—En el sentido más ordinario; se empieza usted a pudrir, y eso huele muy mal. ¡Pero ya estoy harto de sus preguntas! Tenga la bondad de escuchar bien lo que voy a decirle: no lo he de repetir.
Y en términos llenos de enojo, con una voz cansada de repetir siempre la misma cosa, expuso al dignatario lo que sigue:
El viejo dignatario muerto tenía ante sí dos perspectivas a elegir: o pasar a la muerte definitiva, o bien aceptar una vida de un género especial un poco extraño, capaz de provocar dudas. Tenía libre la elección. Si elegía lo primero sería la nada, el silencio eterno, el vacío...
«¡Dios mío, eso precisamente era lo que me daba siempre horror!», pensó el dignatario.
—Eso era el reposo imperturbable—dijo el diablo examinando con curiosidad el techo tallado—. Desaparecerá usted sin dejar ninguna huella, sin existencia.
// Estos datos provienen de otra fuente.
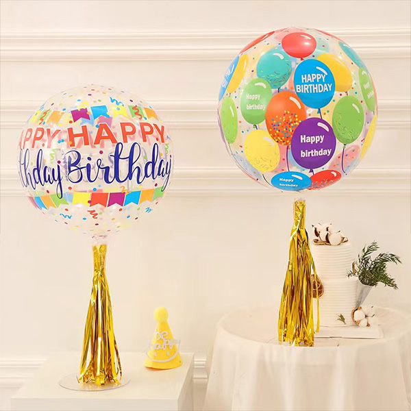 Konfeti şeffaf mutlu yıllar bobo balonunun içine koymak, balonun daha fazla hareket dolu ve katmanlar açısından daha zengin görünmesini sağlar. Balon hareket ettiğinde konfeti hareket eder. Parlak bir görsel etki gösterir. Parti atmosferi parlak ve mutlu yapmak güzel. Balon tek renkli metal konfeti veya karışık birçok renk kullanabilir. Her ikisi de balonun daha modern ve daha iyi görünmesini sağlar. Bir arka plan duvarı veya bir kemer için kilit nokta olabilir.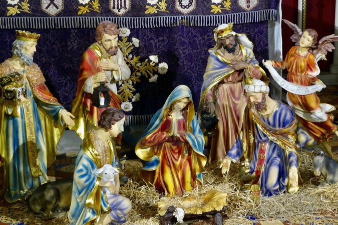 A traditional nativity scene in St. Andrews Church. The traditional nativity story tells of Mary and Joseph traveling to Bethlehem for a Roman census, where no room was available at the inn, so Jesus was born in a stable and laid in a manger. Shepherds, guided by angels, and later, Wise Men (Magi) following a star, visited the baby, bringing gifts like gold, frankincense, and myrrh, while Joseph was warned in dreams to flee to Egypt to escape King Herod's jealousy. The traditional nativity scene's history begins with St. Francis of Assisi staging the first living nativity in Greccio, Italy, in 1223, using real people and animals to convey the humility of Christ's birth, a practice that spread quickly. It evolved from live enactments to static displays with figures, Credit:Geoffrey Swaine / Avalon

Tendrá un fin absoluto, no hablará usted jamás, ni pensará, ni deseará nada, ni experimentará alegría ni dolor; nunca pronunciará la palabra «yo»; en fin, no existirá usted ya, se extinguirá, cesará de vivir, se hará nada...
—¡No, no quiero!—gritó con fuerza el dignatario.
—¡Y, sin embargo, eso sería el reposo! Eso también vale algo. Un reposo tal que es imposible imaginársele más perfecto.
—¡No, no quiero reposo!—dijo decididamente el dignatario mientras su corazón cansado no imploraba mas que reposo, reposo, reposo.